» **What to produce**
Return the data exactly, with all pictures removed.

» **Entries taken from a collection**
- - -

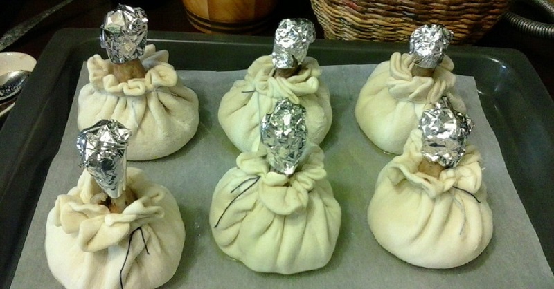 6.Papierem do pieczenia wyłóż dokładnie blachę , na której układaj ostrożnie przygotowane kiszonki. Używając foli aluminiowej owiń dokładnie część kurczaka która wystaje.
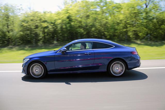 U C 200 se ugrađuje najslabija verzija sa 184 KS, dok je za C 250 i C 300 ovaj motor pojačan na 211, odnosno 245 "konja". U odnosu na limuzinu C klase, kupe je dobio za 15 milimetara niže oslanjanje, što je direktno uticalo na dinamiku vožnje. Ogibljenje je istovremeno tvrdo ali ima i dug hod, pa tako ume i da zapliva u stilu limuzine preko dugih neravnina na autoputu. To nikako ne znači da je auto nestabilan, naprotiv.
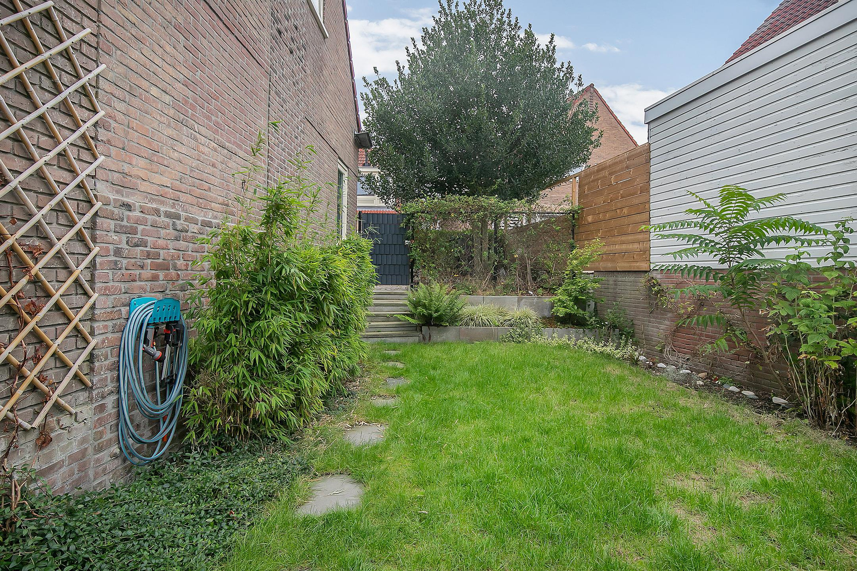 -Grote tuin met achterom en schuur
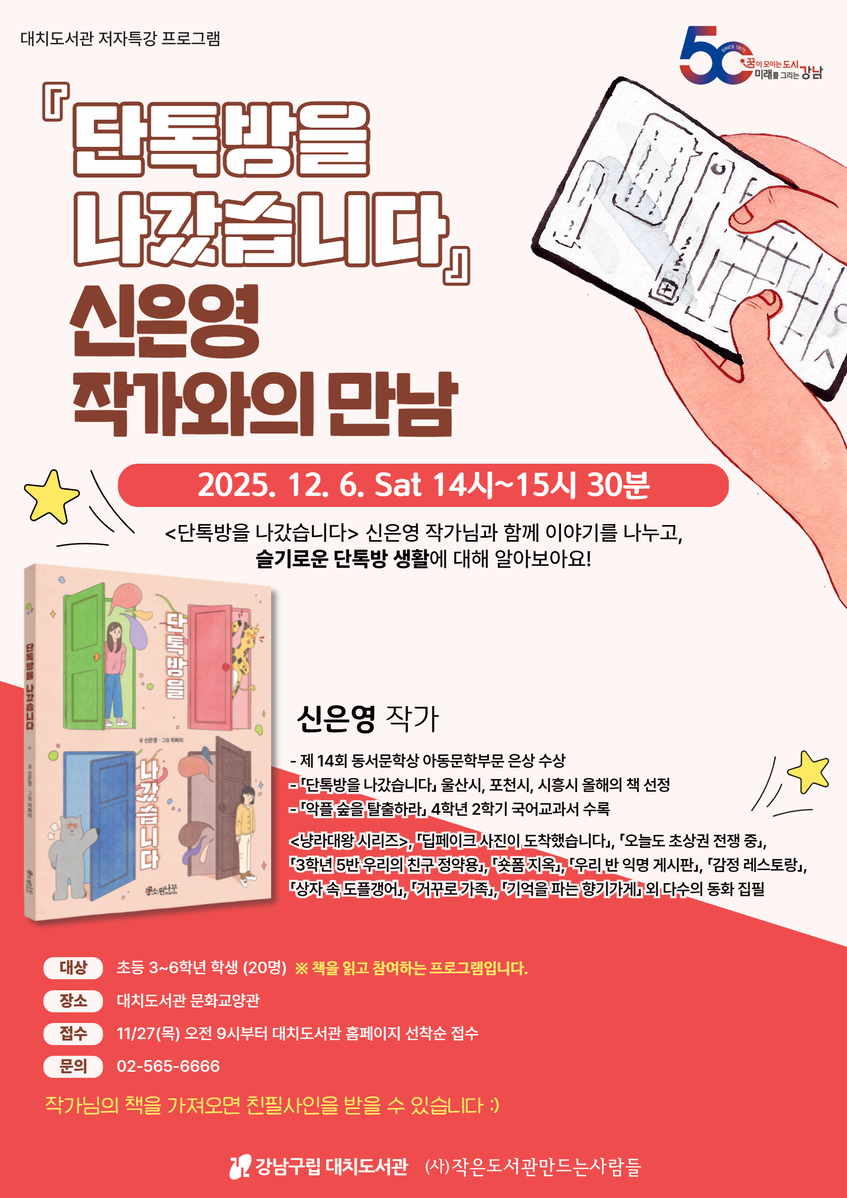『단톡방을 나갔습니다』 신은영 작가와의 만남 - 홈페이지 접수만 가능 (전화 및 방문접수 불가) 1. 일 시 : 2025년 12월 6일(토) 오후 2시~3시 30분 2. 장 소 : 대치도서관 문화교양관 3. 대 상 : 초등 3~6학년 (20명) 4. 진 행 : 신은영 (동화작가) 5. 신 청 : 2025년 11월 27일(목) 오전 9시부터 홈페이지 선착순 접수 6. 문 의 : 대치도서관 02-565-6666 작가와의 만남이 끝난 후 사인회가 진행될 예정입니다. 사인회 참여를 원하실 경우, 개인 소장 도서를 지참해 주세요! ※ 프로그램 신청 시, 해당 연령 확인 후 참여자 본인의 아이디로 신청바랍니다. ※ 프로그램 일정 및 세부내용은 도서관 사정에 따라 변경될 수 있습니다. ![]()
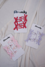 Four mini metal snap clips wrapped up in ribbon, topped with a bow. Perfect for all hair types and textures.
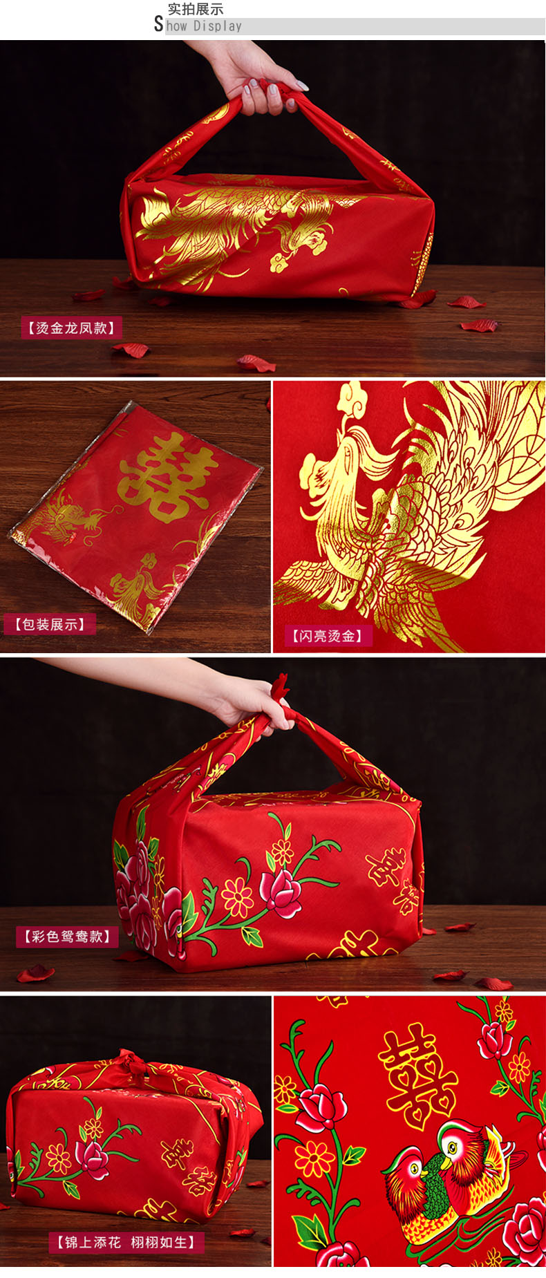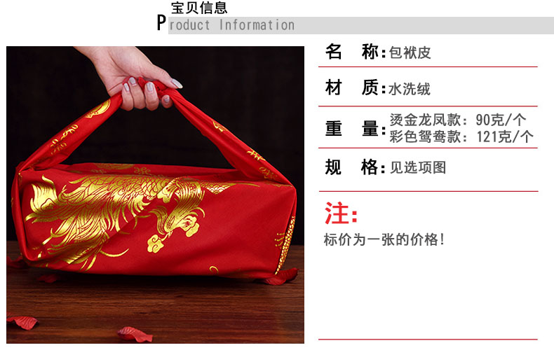 H33 厚款包袱皮婚庆用品婚礼包袱结婚鸳鸯红新娘人嫁妆喜盆包裹布

- - -

» **Exercise solution**
 6.Papierem do pieczenia wyłóż dokładnie blachę , na której układaj ostrożnie przygotowane kiszonki. Używając foli aluminiowej owiń dokładnie część kurczaka która wystaje.
 U C 200 se ugrađuje najslabija verzija sa 184 KS, dok je za C 250 i C 300 ovaj motor pojačan na 211, odnosno 245 "konja". U odnosu na limuzinu C klase, kupe je dobio za 15 milimetara niže oslanjanje, što je direktno uticalo na dinamiku vožnje. Ogibljenje je istovremeno tvrdo ali ima i dug hod, pa tako ume i da zapliva u stilu limuzine preko dugih neravnina na autoputu. To nikako ne znači da je auto nestabilan, naprotiv.
 -Grote tuin met achterom en schuur
『단톡방을 나갔습니다』 신은영 작가와의 만남 - 홈페이지 접수만 가능 (전화 및 방문접수 불가) 1. 일 시 : 2025년 12월 6일(토) 오후 2시~3시 30분 2. 장 소 : 대치도서관 문화교양관 3. 대 상 : 초등 3~6학년 (20명) 4. 진 행 : 신은영 (동화작가) 5. 신 청 : 2025년 11월 27일(목) 오전 9시부터 홈페이지 선착순 접수 6. 문 의 : 대치도서관 02-565-6666 작가와의 만남이 끝난 후 사인회가 진행될 예정입니다. 사인회 참여를 원하실 경우, 개인 소장 도서를 지참해 주세요! ※ 프로그램 신청 시, 해당 연령 확인 후 참여자 본인의 아이디로 신청바랍니다. ※ 프로그램 일정 및 세부내용은 도서관 사정에 따라 변경될 수 있습니다. ![]()
 Four mini metal snap clips wrapped up in ribbon, topped with a bow. Perfect for all hair types and textures.
 H33 厚款包袱皮婚庆用品婚礼包袱结婚鸳鸯红新娘人嫁妆喜盆包裹布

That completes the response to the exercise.